She woke. Why did she have to wake up? Why couldn't she sleep the eternal sleep after something like that?
She was covered in cold sweat, except for the dampness between her legs, which was another thing entirely. There could not possibly be anything on the planet as disgusting as herself. She felt diseased in every cell of her revolting, treacherous body.
Her sense of balance was gone. She fell off the sofa, onto Touga who was asleep sitting up against it.
"Ow! What the—? Yumi!? Are you okay?"
She gagged. Realizing she was about to be sick, he got her to the bathroom in her dorm, which was more of what they called a water closet, a compact sink and mirror and toilet. She doubled over and retched violently into the latter as he waited outside, eyebrows drawn with worry.

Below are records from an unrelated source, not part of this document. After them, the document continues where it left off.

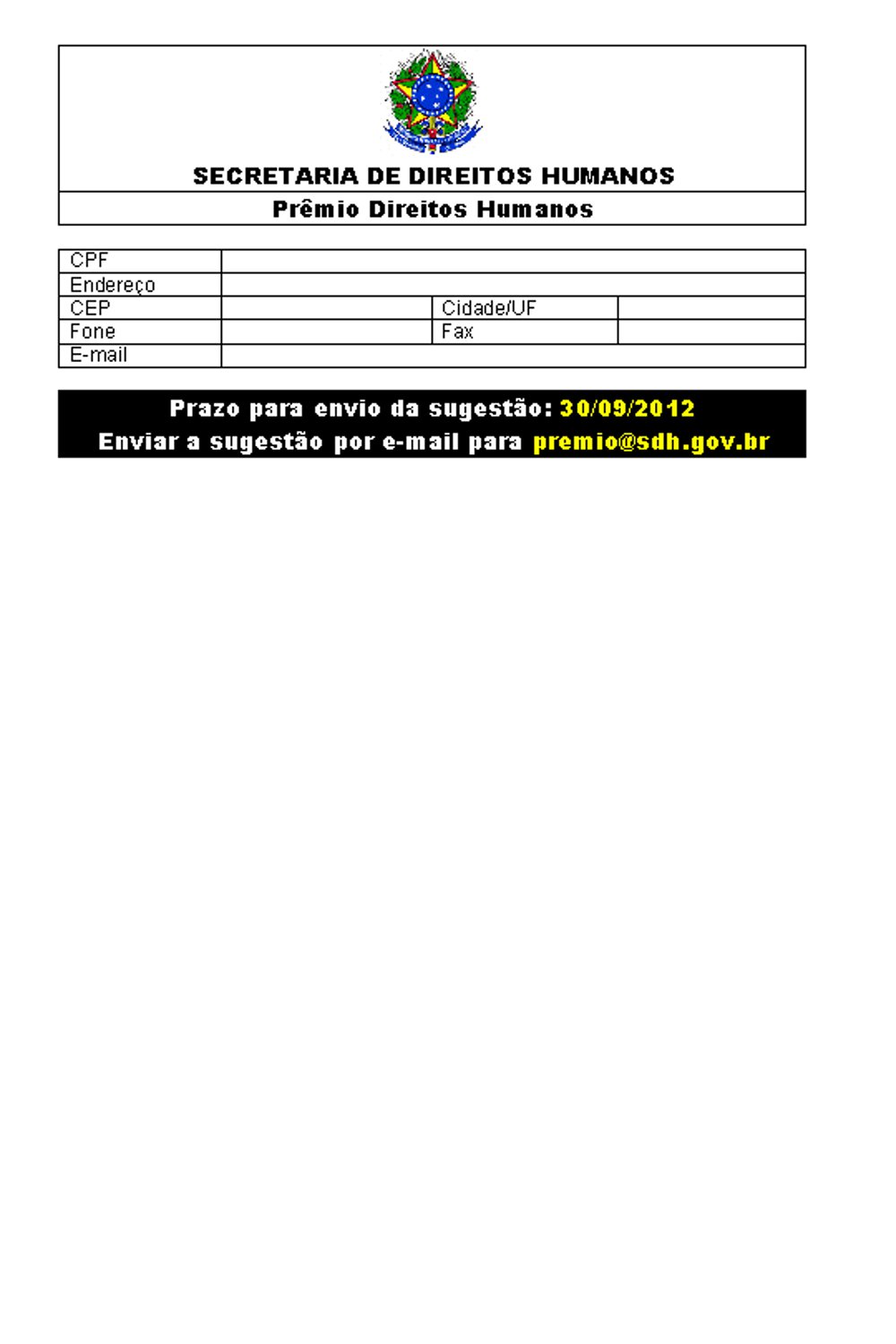 As indicações para o Prêmio Nacional de Direitos Humanos devem ser feitas em formulários produzidos pela SEDH. Aqueles que quiserem somar-se à iniciativa do Dr. Konder Comparato e do escritor Fernando Morais; de João Pedro Stédile e Amelinha Telles; de Paulo Henrique Amorim e de Perly Cipriano, são convidados a fazê-lo colocando seus próprios dados no formulário que eles preencheram e que vai anexo a esta mensagem. O formulário deverá ser enviado ao endereço eletrônico [email protected].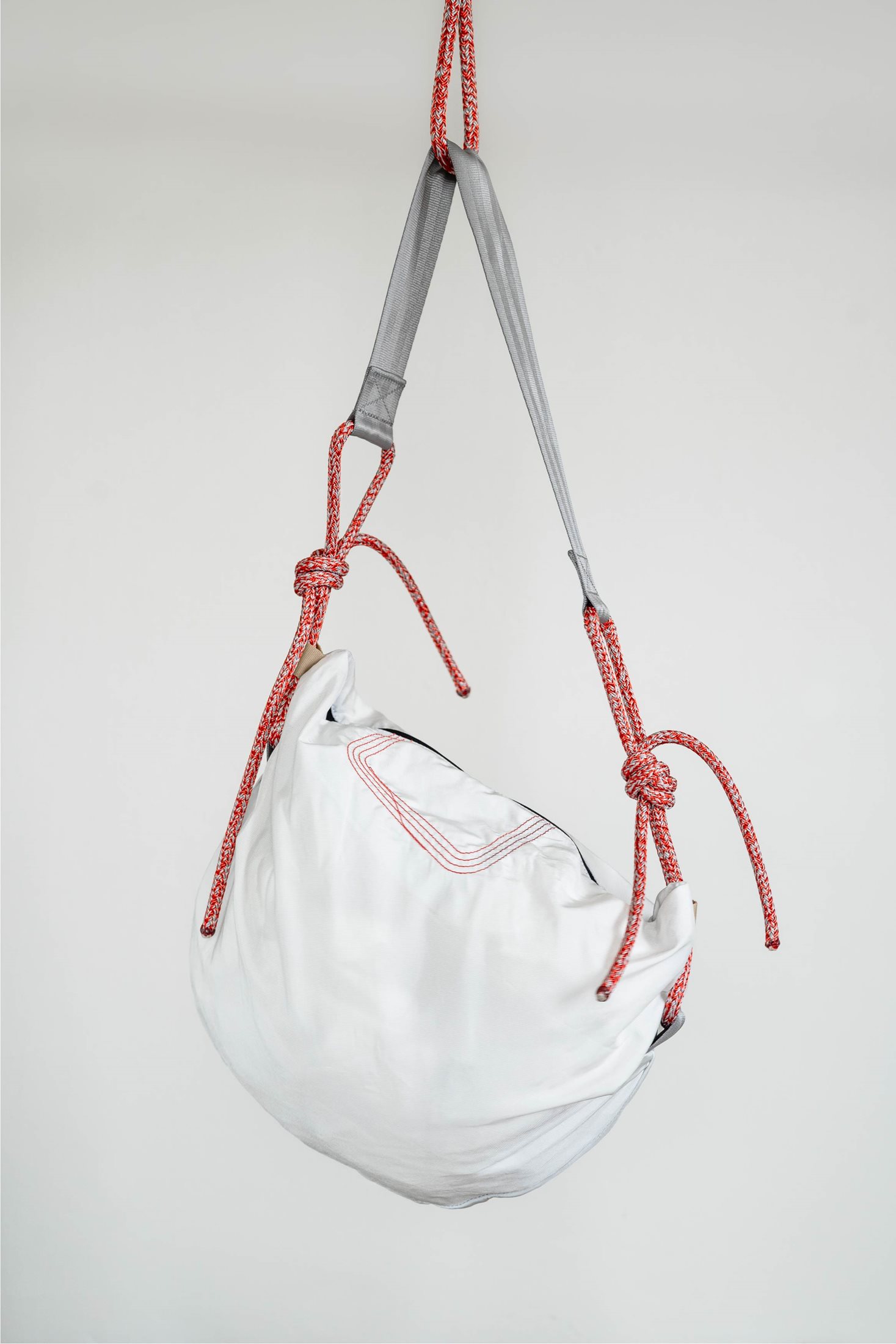 Na ostatní části tašek maximálně používáme zbytky z výroby nebo materiál, který by jinak skončil ve spalovnách. Popruhy šijeme z bezpečnostních pásů (které také získáváme z vrakovišť) podšívky šijeme z vyřazených plachet nebo zbytků z balónů, tenčí popruhy jsou vyřazené popruhy od firmy Ocún, lana jsou zbytkový materiál od firmy Lanex...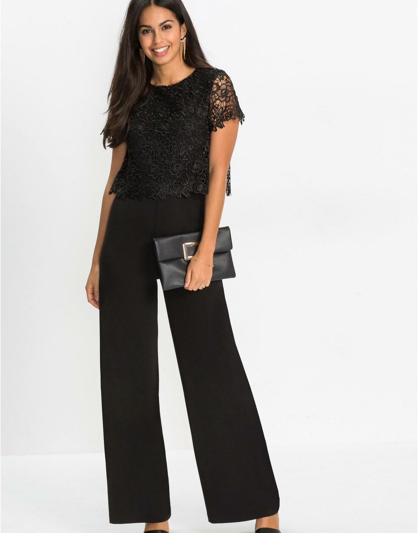 Элегантный женский комбинезон с кружевным верхом, черный – прекрасная альтернатива платью для торжественных случаев. Верх из нежного кружева добавляет женственного шарма, а приталенный низ красиво подчеркивает фигуру. Элегантный черный цвет подойдет для свадьбы, свидания или вечернего выхода.

Partially digested miso soup was particularly vile, and the awful taste prompted her gut to reject everything else she'd consumed the previous day. She gargled mouthwash and staggered back out, letting him sit her down on the sofa, only to find in the next few minutes that there was more to come up. Tears and snot ran down her face, and she trembled. It was nearly half an hour before her stomach decided it was done, and by then he had to hold her up. She was sure she was dying. He handed her mouthwash and a towel to wipe her face, and when he let her down on the sofa, she collapsed, shaking and sniffling.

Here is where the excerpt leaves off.